(Data shown)
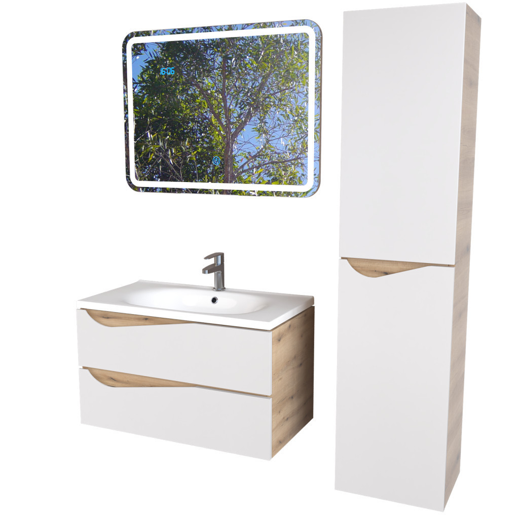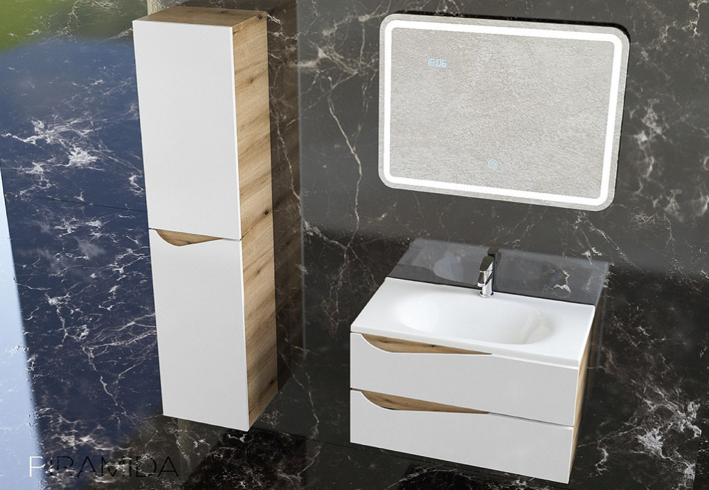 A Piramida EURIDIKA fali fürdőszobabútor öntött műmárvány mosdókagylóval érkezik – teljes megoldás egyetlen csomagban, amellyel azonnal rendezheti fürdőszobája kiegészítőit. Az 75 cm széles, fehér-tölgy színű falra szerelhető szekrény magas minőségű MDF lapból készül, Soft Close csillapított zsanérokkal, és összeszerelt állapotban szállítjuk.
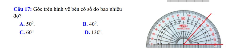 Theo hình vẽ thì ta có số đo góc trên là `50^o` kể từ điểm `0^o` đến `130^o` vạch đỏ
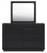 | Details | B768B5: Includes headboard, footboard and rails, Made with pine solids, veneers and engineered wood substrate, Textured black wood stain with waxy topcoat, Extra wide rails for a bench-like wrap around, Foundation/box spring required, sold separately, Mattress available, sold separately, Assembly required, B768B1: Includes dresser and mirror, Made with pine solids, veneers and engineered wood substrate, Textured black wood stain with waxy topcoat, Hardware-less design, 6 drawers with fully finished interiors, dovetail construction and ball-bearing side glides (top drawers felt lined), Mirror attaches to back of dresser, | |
(End Data shown)
### Exercise brief
Repeat the material above word for word, please, apart from its images.

### Answer to this task
 A Piramida EURIDIKA fali fürdőszobabútor öntött műmárvány mosdókagylóval érkezik – teljes megoldás egyetlen csomagban, amellyel azonnal rendezheti fürdőszobája kiegészítőit. Az 75 cm széles, fehér-tölgy színű falra szerelhető szekrény magas minőségű MDF lapból készül, Soft Close csillapított zsanérokkal, és összeszerelt állapotban szállítjuk.
 Theo hình vẽ thì ta có số đo góc trên là `50^o` kể từ điểm `0^o` đến `130^o` vạch đỏ
 | Details | B768B5: Includes headboard, footboard and rails, Made with pine solids, veneers and engineered wood substrate, Textured black wood stain with waxy topcoat, Extra wide rails for a bench-like wrap around, Foundation/box spring required, sold separately, Mattress available, sold separately, Assembly required, B768B1: Includes dresser and mirror, Made with pine solids, veneers and engineered wood substrate, Textured black wood stain with waxy topcoat, Hardware-less design, 6 drawers with fully finished interiors, dovetail construction and ball-bearing side glides (top drawers felt lined), Mirror attaches to back of dresser, | |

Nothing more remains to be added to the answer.